In gesprek met Celine Wong. Zij is de dochter van mevrouw Wong die 82 jaar geleden in Kanton, China werd geboren. Inmiddels woont haar moeder al 45 jaar in Nederland.
Wat vind je moeder fijn aan het wonen in de Boomgaard? ‘Mijn moeder is aan het dementeren. Zij weet zelf niet dat zij hier met allemaal ouderen woont. Zij denkt nog vaak dat dit haar oude huis is. Sinds vorig jaar november woont zij in de Boomgaard. Ik heb haar pasgeleden voor het eerst horen zeggen dat zij besefte dat zij hier woont. In een groep, want daarvoor dacht zij dat het haar oude huis was. Ze zegt nog steeds als ik wegga: doe je de beneden deur op slot. Ze heeft het besef niet. Ik merk ook dat haar geheugen achteruitgaat. Dat merkte ik onder andere toen ik samen met haar was en zij mij wel tien keer vroeg waar wij naar toe gingen.’
Hoe ga jij daarmee om? ‘Aan de ene kant vind ik het niet heel erg. Toen mijn vader net overleden was had zij heel veel verdriet. Nu, omdat zij vergeetachtig wordt, vraagt zij minder naar mijn vader. Soms heeft ze wel het besef dat hij is overleden. Als ik haar dingen over vroeger vraag, dan kan zij geen antwoord geven, maar voor haarzelf is het wellicht beter. Ik denk dat ze beter van het leven kan genieten, dan wanneer zij continu verdriet heeft.’
‘We zijn niet lang op zoek geweest om een woonzorgcentrum te vinden voor Chinese ouderen. Bij toeval kwam ik hier terecht, omdat ik eigenlijk op zoek was naar een verpleeghuis voor mijn vader. Toen mijn vader overleed heeft mijn moeder nog even bij mij gelogeerd, maar toen gaf zij aan dat zij weer naar huis wilde. Zij woonde in de buurt van het Hofplein en wilde met vrienden een kop koffiedrinken en wandelen. Ik heb haar toen een ketting gegeven met haar adres voor het geval zij zou verdwalen. Soms vergat ze haar ketting om te doen. Toen ben ik gaan nadenken wat verstandig is. Mijn huis is niet geschikt voor haar, omdat zij niet goed kan lopen. Toen heb ik overwogen om haar ergens anders te laten wonen. Ik heb contact gehad met CIZ en toevallig was er hier een plek vrij. Ik moest nog wel moeite doen met bellen en volhouden, zodat mijn moeder zo snel mogelijk opgenomen kon worden.
Ik had het er wel moeilijk mee. Aan de ene kant dacht ik, laat ik haar niet in de steek? Ze is wel in een groep, maar ’s avonds is zij alleen. Bij mij was zij ‘s avonds met mijn man en mijn zoon. Maar ja, bij mij woonde ze in de woonkamer en dat ook was niet ideaal. Ik ben er nog steeds niet over uit. Voor wat betreft de zorg wel, omdat er 24 uur per dag iemand haar kan verzorgen. Als ik haar heb bezocht ga ik toch met een bezwaard hart weg, omdat ik denk dat ze eenzaam is. Aan de andere kant weet ze toch niet meer dat ik op bezoek ben geweest en weer naar huis ga.
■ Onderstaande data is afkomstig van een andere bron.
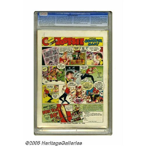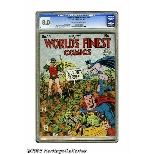 <B>World's Finest Comics #11 (DC, 1943) CGC VF 8.0 Cream to off-white pages.</B></I> The concept of a ""Victory Garden"" was that citizens on the home front would do their civic duty by growing as much of their own produce as possible, thereby freeing up food supplies to be shipped to the fighting men overseas. And DC's heroes showed how it was done here, as illustrated by Jack Burnley and Jerry Robinson. Batman and Superman were just two of the many characters appearing in the issue. Only two copies (the best being VF/NM) are above ours in CGC's census as of this writing. Overstreet 2005 VF 8.0 value = $863. CGC census 9/05: 1 in 8.0, 2 higher. <BR><BR><B>Important notice:</B> Heritage usually auctions material at the rate of 200-250 lots per hour. On some occasions eBay Live bid software or the Internet may not be able to keep up with the pace of the auction. We recommend placing a realistic absentee bid now as insurance to avoid disappointment. Occasionally the auctioneer may eliminate or reject an eBay Live bid, and the auctioneer may also reopen a lot after the close of the eBay live bidding (usually because we missed an audience bid), and may reject your bid even if it shows you as the winning bidder. By bidding via eBay Live, you agree that Heritage may award the lot to another bidder at its sole discretion under the circumstances described above or any other reasonable circumstances. Since eBay bids are not shown to us until we open the lot on the floor, we treat those bids just like floor bids. In most cases the floor responds before the eBay bid is presented to us, due to Internet lag time, so for consistency we have made it a policy that floor bids are always considered first over tie eBay live bids. Also please note that all Heritage lots purchased through eBay Live carry a 20% Buyer's Premium. Please make sure you read the Terms and Conditions before you bid. This lot is being auctioned in conjunction with a live floor auction by Heritage Galleries & Au
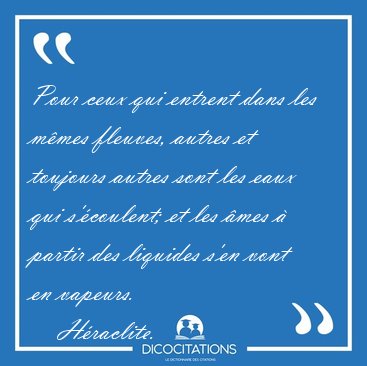 Pour ceux qui entrent dans les mêmes fleuves, autres et toujours autres sont les eaux qui s'écoulent; et les âmes à partir des liquides s'en vont en vapeurs.
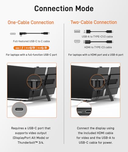 【Plug & Play Dual Monitor Setup】The Wixzet laptop screen extender offers true plug-and-play convenience—connect in seconds via USB-C (DP Alt Mode) or HDMI + USB-A, no drivers needed. Note: your laptop’s USB-C port must support video output (DisplayPort Alt Mode or Thunderbolt 3/4) for single-cable use; if not, use both the included HDMI and USB-A cables for video and power. Compatible with Windows, macOS, Chrome OS, Android/DeX, and 13–17″ laptops, it delivers a seamless dual-screen experience anywhere.

Ik denk dat het eerder aan mij ligt dan aan haar, want zij zegt niet dat ze eenzaam is. Soms is ze heel helder en twee minuten later weer niet. Ik weet dat ze hier in goede handen is. Ze is bij haar leeftijdsgenoten en kan leuke dingen doen. Vroeger toen zij nog werkte had zij geen activiteiten en deed ze niets anders dan werken. Dus nu kan ze kaarten of muziek luisteren. Ze doet nu eigenlijk dingen die zij wil. Ik vind het fijn dat er altijd iemand is om een oogje in het zeil te houden. Ik heb ook om een polsband gevraagd, dat wanneer er iets is zij snel hulp kan krijgen.
Wat zou jouw moeder nog graag willen. Wat is haar grote wens? ‘Dat zou ik nu niet weten. Haar generatie is anders. Mijn moeder heeft nooit gezegd wat haar grootste wens is. Zij cijferde zichzelf altijd weg. Dus ik weet niet of zij een wens heeft. Wat ik wel weet is, voordat mijn vader overleed en zij nog niet aan het dementeren was, zij graag naar China wilde. Familie bezoeken die nog over zijn en daar een paar maanden blijven. Ik moet eigenlijk zeggen dat dat haar laatste wens is.
Hoelang mag ze nog onder ons blijven? Ik probeer er zo min mogelijk aan te denken. Ik wil mijn moeder zo lang mogelijk bij mij houden.’